Kalau memang tak kunjung selesai, presiden bisa segera mengambil tindakan.
Namun,
melihat permasalahan yang semakin berlarut dan tidak adanya titik terang dalam
penyelesaian pencairan beasiswa tersebut, penulis menduga bahwa koordinasi
lintas kementerian sangat buruk. Presiden sebagai pimpinan tertinggi harusnya
mampu mengambil langkah-langkah strategis untuk menyelamatkan nasib para
penerima program beasiswa tersebut. Jadi, jangan hanya sekedar turun tangan
dalam memberikan beasiswa, sebagaimana yang didapatkan oleh Raeni dan program
beasiswa presiden yang diluncurkan sebelum pemilu legislatif. Tapi presiden
juga harus tahu seperti apa program beasiswa yang ada di pemerintahannya.
Kasus
inipun sejatinya bukan barang baru. Pada tahun lalu, beasiswa yang dikelola
Kemdikbud juga pernah tersendat. Waktu itu masalahnya karena Kemenkeu
membintangi anggaran milik Kemdikbud. Sehingga DIPA tidak bisa dicairkan dan
beasiswa pun menjadi molor.
Kondisi
ini jelas menunjukkan buruknya manajemen pemerintahan kita, termasuk di
dalamnya manajemen pengelolaan anggaran yang berujung pada karut-marutnya beasiswa.

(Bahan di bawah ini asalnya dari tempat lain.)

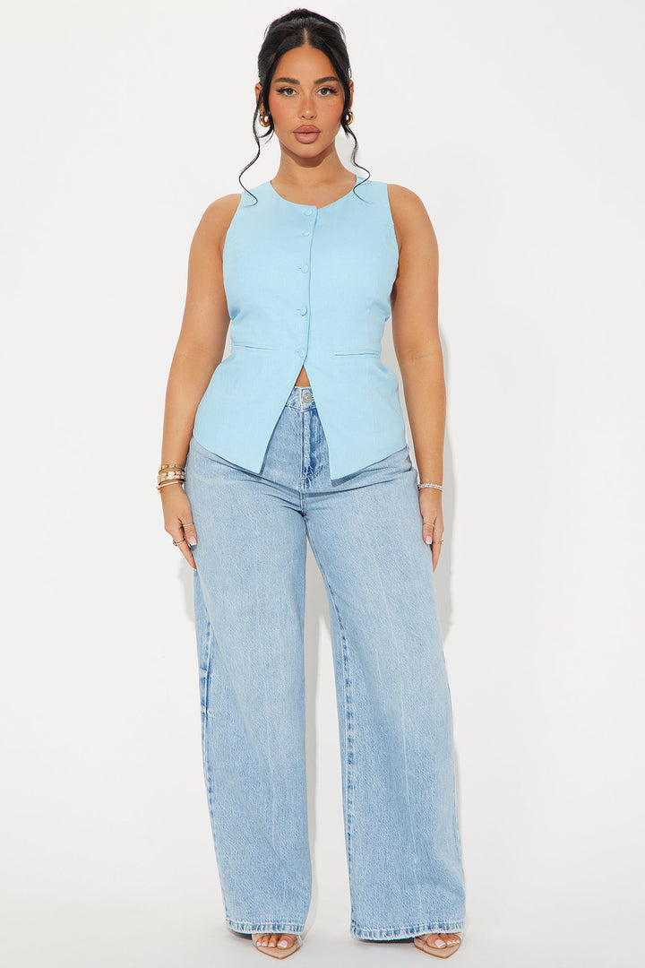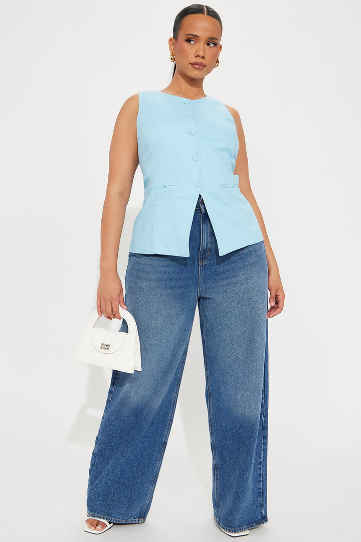 Available In Light Blue. | Linen Vest Top | Sleeveless | Crew Neck | Button Down | Open Front | Pocket Details | Non Stretch | Self: 55% Linen 45% Rayon Lining: 100% Polyester | Imported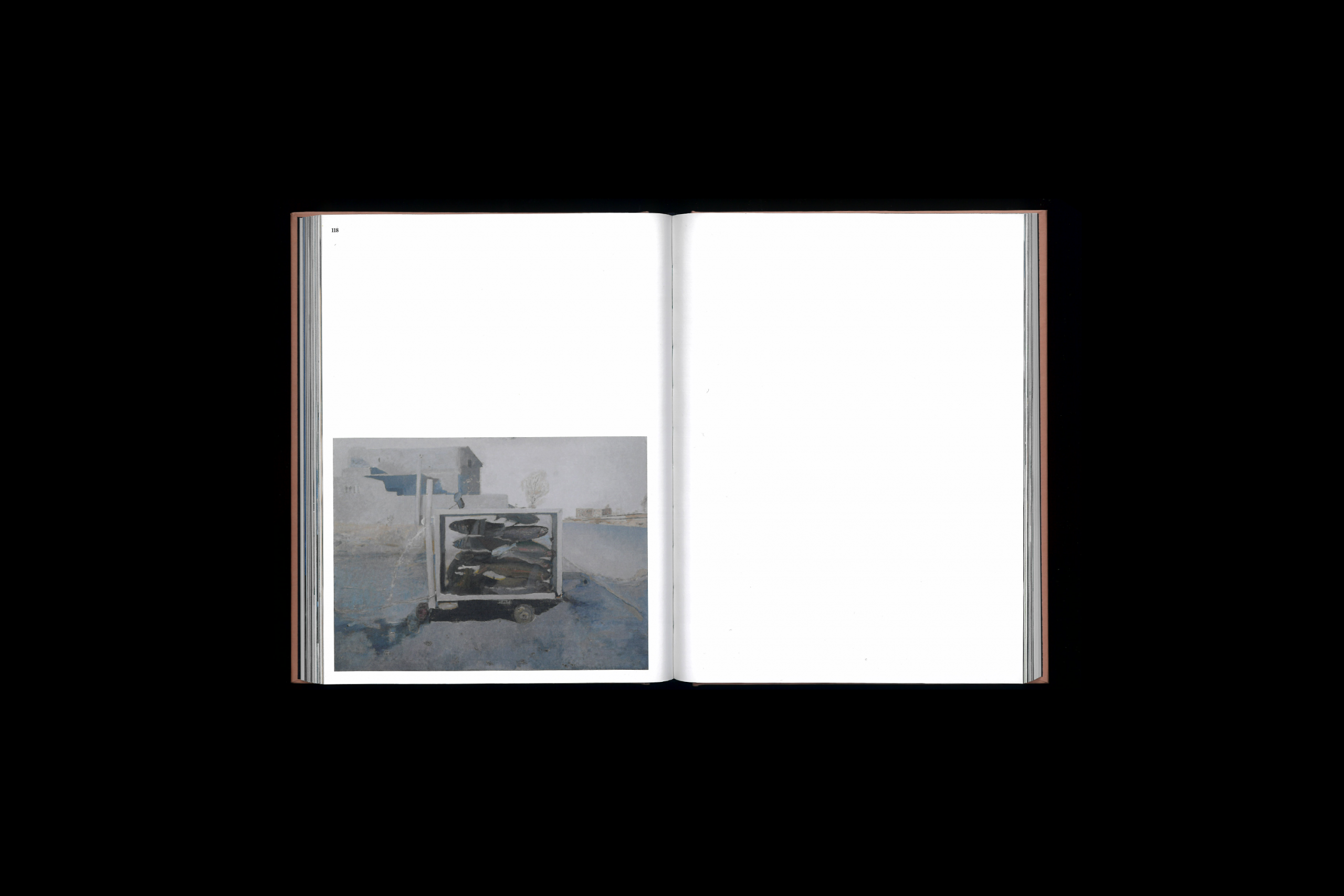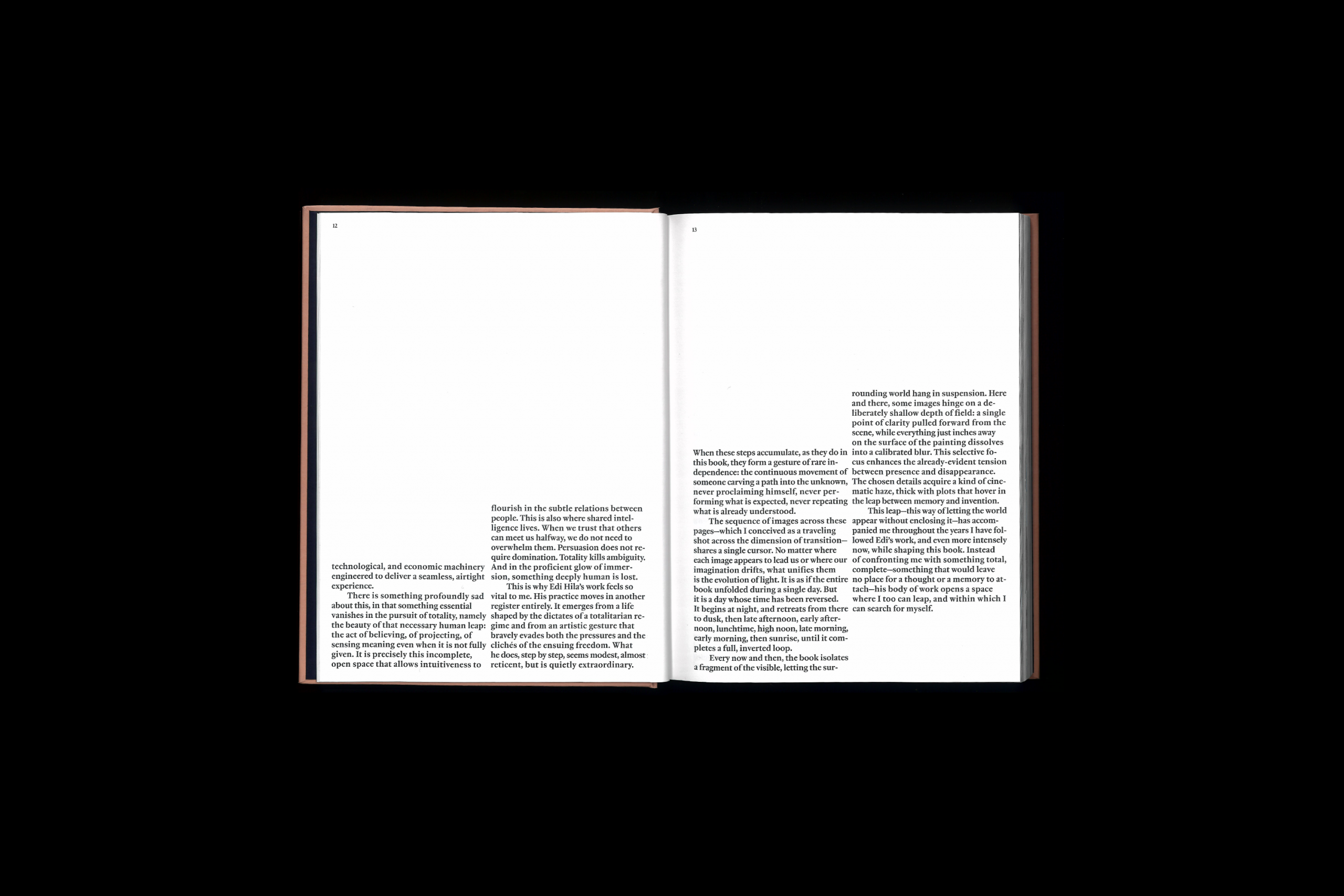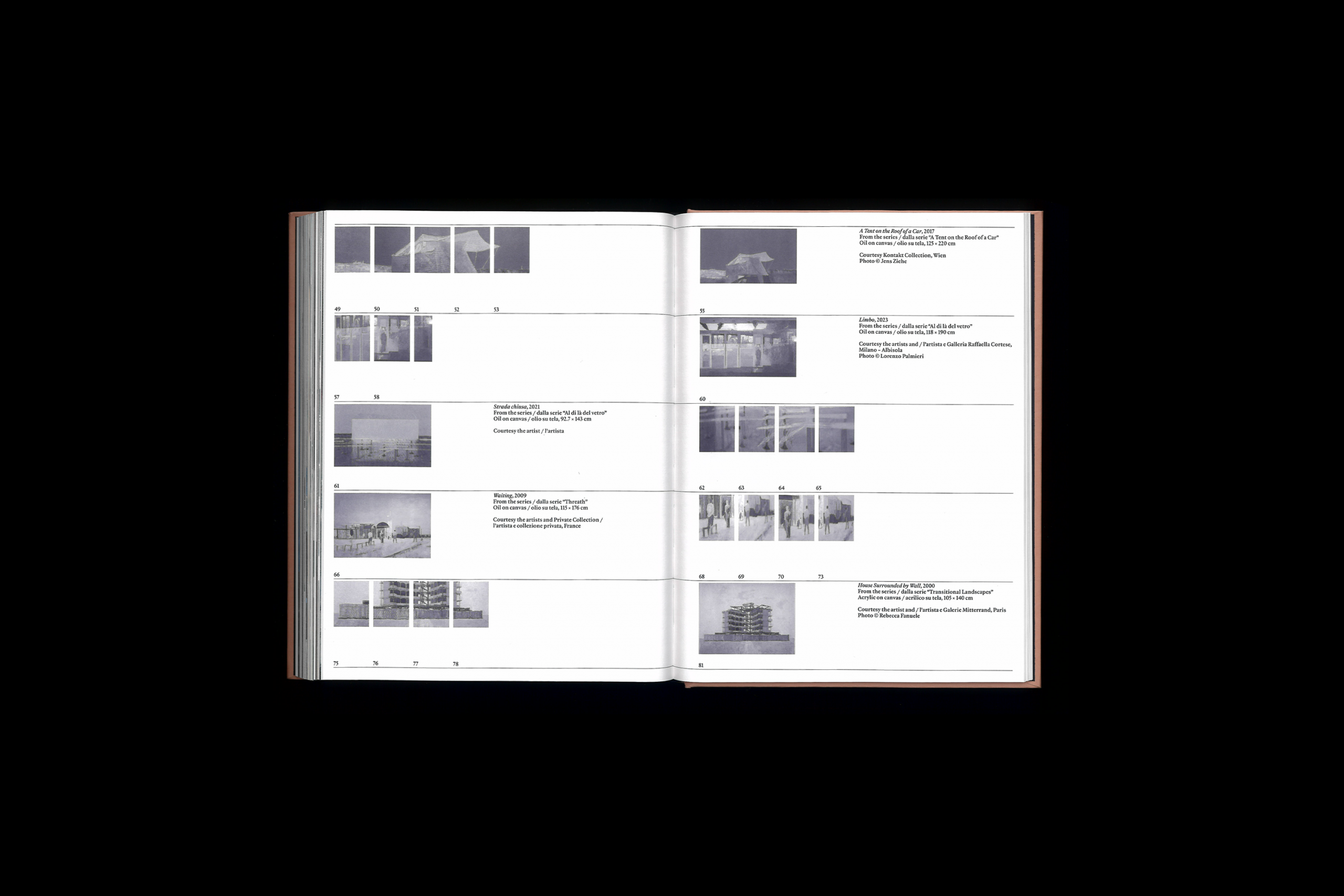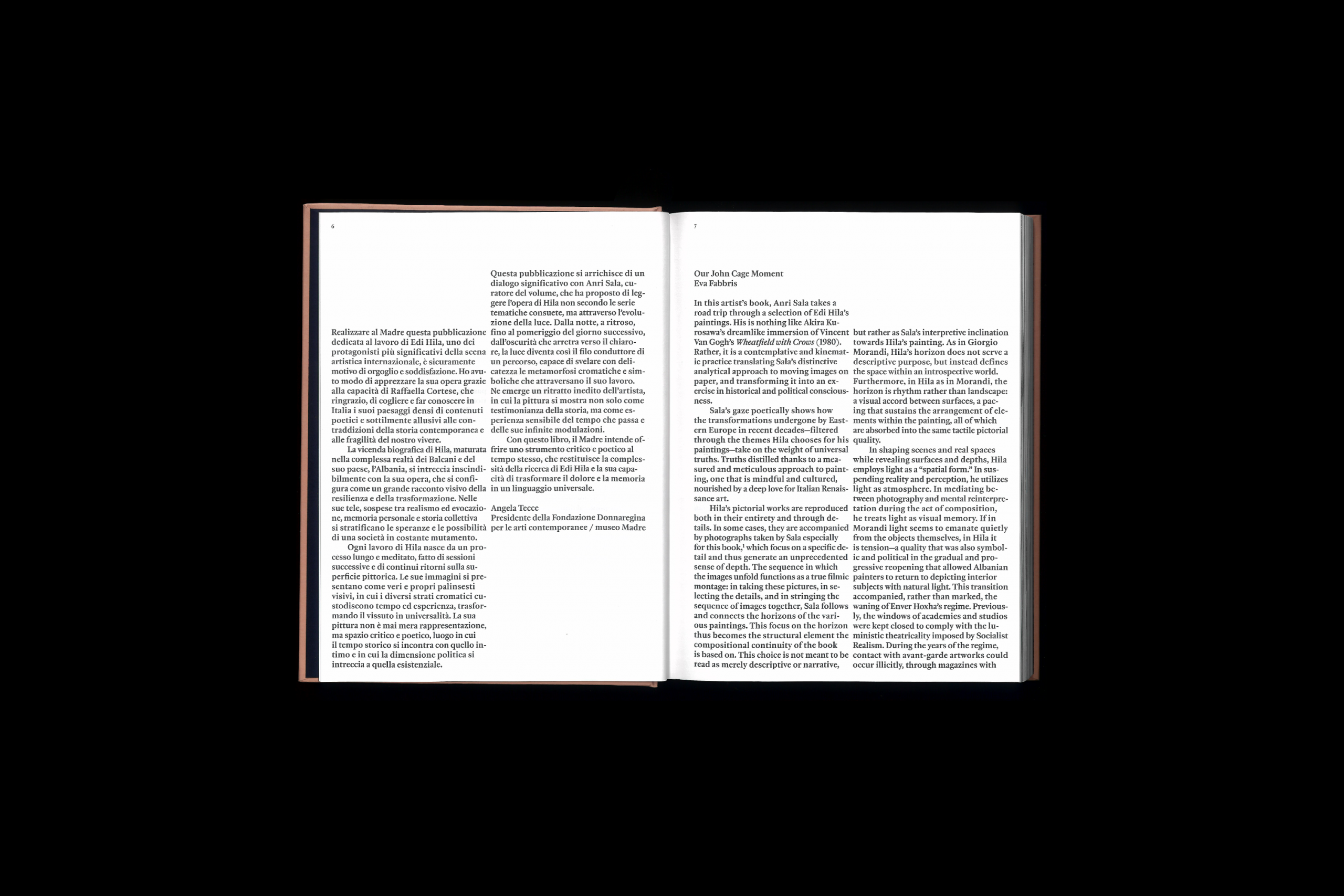 Sala reads the transformations that have marked Eastern Europe—emerging through Hila's paintings—as conditions that may also be understood in broader, even universal terms. This narration unfolds through both full views and selected details, photographed under Sala's direction. The guiding "cursor" of the book is the evolution of light. It is as if the entire publication takes place within a single day—yet a day whose time has been reversed. It begins at night and retreats through dusk, late afternoon, early afternoon, high noon, late morning, early morning, until sunrise, completing a full, inverted cycle.

Kehadiran menteri koordinator yang seyogyanya bisa menjembatani penyelesaian
permasalahan lintas sektoral nyatanya belum berfungsi dengan baik. Rapat
kabinet yang kerap digelar di istana, rupanya belum mengarah pada bagaimana
upaya menyelesaikan masing-masing persoalan yang dihadapi oleh kementerian.
Padahal,
bila kita cermati, problem tersendatnya penyaluran beasiswa unggulan ini cukup
sederhana, yaitu adanya kegagalan sebuah sistem aplikasi. Namun, dampaknya
begitu besar, yakni program-program yang masuk dalam piloting SPAN menjadi sulit dilaksanakan. Sejatinya yang dibutuhkan
hanyalah konsensus dari pemerintah untuk “mensiasati” kegagalan aplikasi
tersebut agar program-program bisa segera dilaksanakan. Bila konsensus buntu,
maka presiden sebagai pimpinan tertinggi dan kapasitasnya sebagai pejabat
publik bisa langsung mengambil keputusan. Karena sebagaimana dikatakan oleh
Riant Nugroho (2014), pernyataan pejabat publik merupakan bagian dari kebijakan
publik itu sendiri. Dan bila presiden memerintahkan bawahannya untuk
menyelesaikan permasalahan beasiswa tersebut, siapa yang mau membelot?
Celakanya,
pengawasan (controlling) di republik
ini masih menjadi sesuatu yang langka. Kehadiran lembaga pengawasan baik
internal dan eksternal hanya sebatas formalitas dan berakhir menjadi macan
ompong. Controlling belum dirasa
sebagai kebutuhan untuk menjamin implementasi kebijakan berjalan dengan baik.
Pucuk pimpinan masih bersikap feodal dengan hanya menunggu laporan dari bawah.
Akhirnya banyak pemimpin disemua level, terjebak dalam laporan yang sifatnya
‘asal bapak senang’.
Beasiswa
ini hanya secuil permasalahan yang menunjukkan lemahnya koordinasi lintas
sektoral dan kurang pekanya presiden dalam menemukenali masalah serta
mencarikan solusi pemecahannya.
Semoga,
Raeni kelak tidak mengalami karut-marutnya pengelolaan beasiswa dan pemerintah
segera menyelesaikan tersendatnya pencairan beasiswa, serta menata kembali
pengelolaan beasiswa untuk pelajar dan mahasiswa di masa mendatang.